Here, plaintiffs have failed to do so. They do not explain how they sustained damages as a result of Cobalt's designation of Carbolic as the new CCR. It is undisputed that the notice letters appointing Carbolic as the CCR were never given effect, the appointment of Carbolic was withdrawn, and CWCI continued operating as the CCR. Nor have plaintiffs shown how they were injured by the allegedly false representations about compliance with the FCPA. Because cognizable damages cannot be reasonably inferred, the sixth, seventh and eighth causes of action should be dismissed (see Arts4All, Ltd. v Hancock, 5 AD3d 106, 110 [1st Dept 2004]).
The only specific harm that plaintiffs point to is that they were allegedly forced to engage in "costly litigation." However, it is well settled that "attorneys' fees . . . are not recoverable unless authorized by statute, court rule, or written agreement of the parties" (Reif v Nagy, 175 AD3d 107, 131 [1st Dept 2019]). Plaintiffs identify no such statute, court rule or agreement. The "narrow exception" involving litigation with a third party (Hunt v Sharp, 85 NY2d 883, 885 [1995]) does not apply here. Cobalt is plaintiffs' present adversary, and it was also CWCI's adversary in the other litigations (see id. [attorneys' fees unavailable "where . . . the purported  third-party' wrongdoer is, either legally or as a practical matter, the same as the claimant's opponent in the main action"]).
THIS CONSTITUTES THE DECISION AND ORDER
OF THE SUPREME COURT, APPELLATE DIVISION, FIRST DEPARTMENT.
ENTERED: APRIL 9, 2020
CLERK
Footnotes

Footnote 1: Och-Ziff Capital Management Group LLC, OZ Management L.P. and Och-Ziff Holding Corporation (collectively OZ Management).

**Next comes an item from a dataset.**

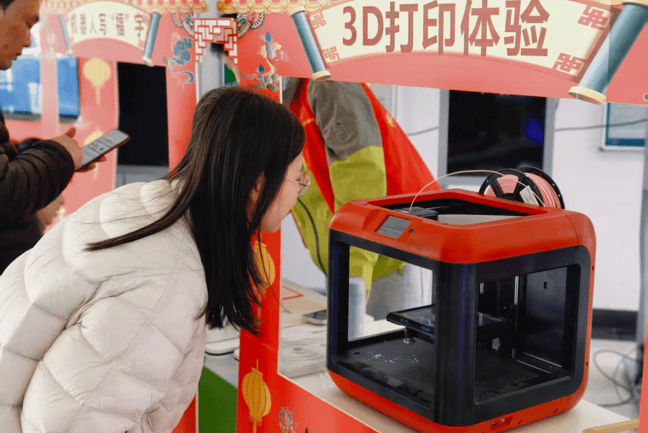 3D打印摊位上,一只只生肖、“福”字、小灯笼在机器嗡鸣声中逐渐成型,孩子们捧着亲手设计的作品爱不释手。

Footnote 2: The motion court dismissed a declaratory judgment claim against Cobalt and Carbolic, and one of Galaxy's contract claims against Cobalt. Plaintiffs do not cross-appeal from these dismissals. 

Footnote 3: In its reply brief, Cobalt contends that the expiration of its license is irrelevant because its right to appoint the CCR is not derived from the CMA but rather from certain rights it purportedly obtained through its alleged ownership of the transaction bonds. However, in its opening brief, Cobalt made the contradictory argument that it was in fact relying upon its status as the principal under the CMA. We decline to consider Cobalt's argument, first raised in reply, which is inconsistent with the argument in its main brief (see Herman v Herman, 162 AD3d 459, 461 [1st Dept 2018], lv denied 32 NY3d 915 [2019]).

Footnote 4: In addition, the fifth cause of action is not proper as to the OZ Funds because they are not parties to the letter agreements (see e.g. Randall's Is. Aquatic Leisure, LLC v City of New York, 92 AD3d 463, 463 [1st Dept 2012], lv denied 19 NY3d 804 [2012] ["There can be no breach of contract claim against a non-signatory to the contract"]).